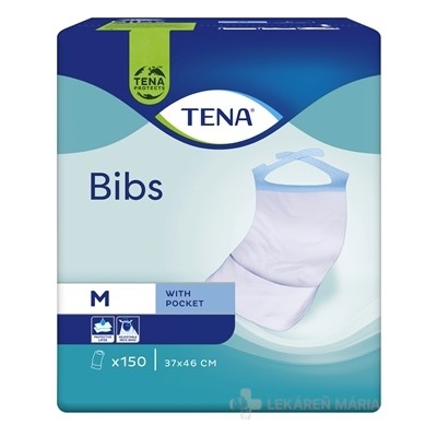 Podbradníky TENA Bib sú užitočné jednorazové obrúskové podbradníky so zabudovanými prednými vreckami a zadným uťahovaním na dôstojnú a hygienickú ochranu počas jedla.
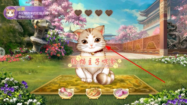 1、新手引导中给猫主子喂食,完成萌宠互动,开启游戏的趣味养成环节。
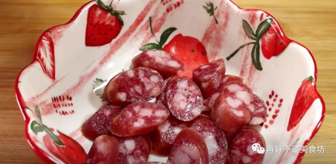 4、准备一根香肠,洗净后切成厚厚的薄片,装入小碗里。
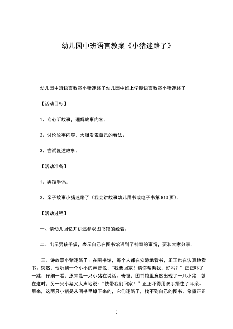 幼儿园中班语言教案小猪迷路了幼儿园中班上学期语言教案小猪迷路了
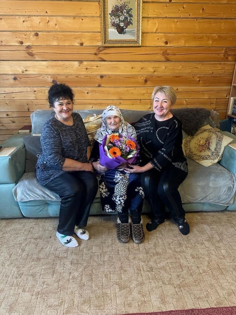 Поздравить юбиляра и вручить ей памятный подарок приехали глава Новотроицкого сельского поселения Дамира Габделхаева и председатель Совета ветеранов района Файруза Вазеева.

[Your instructions]:
Leave out all pictures and extract exactly the lines from the line with "1、新手引导中给猫主子喂食,完成萌宠互动,开启游戏的趣味养成环节。" through the end of the material.

[Finished exercise]:
 1、新手引导中给猫主子喂食,完成萌宠互动,开启游戏的趣味养成环节。
 4、准备一根香肠,洗净后切成厚厚的薄片,装入小碗里。
 幼儿园中班语言教案小猪迷路了幼儿园中班上学期语言教案小猪迷路了
 Поздравить юбиляра и вручить ей памятный подарок приехали глава Новотроицкого сельского поселения Дамира Габделхаева и председатель Совета ветеранов района Файруза Вазеева.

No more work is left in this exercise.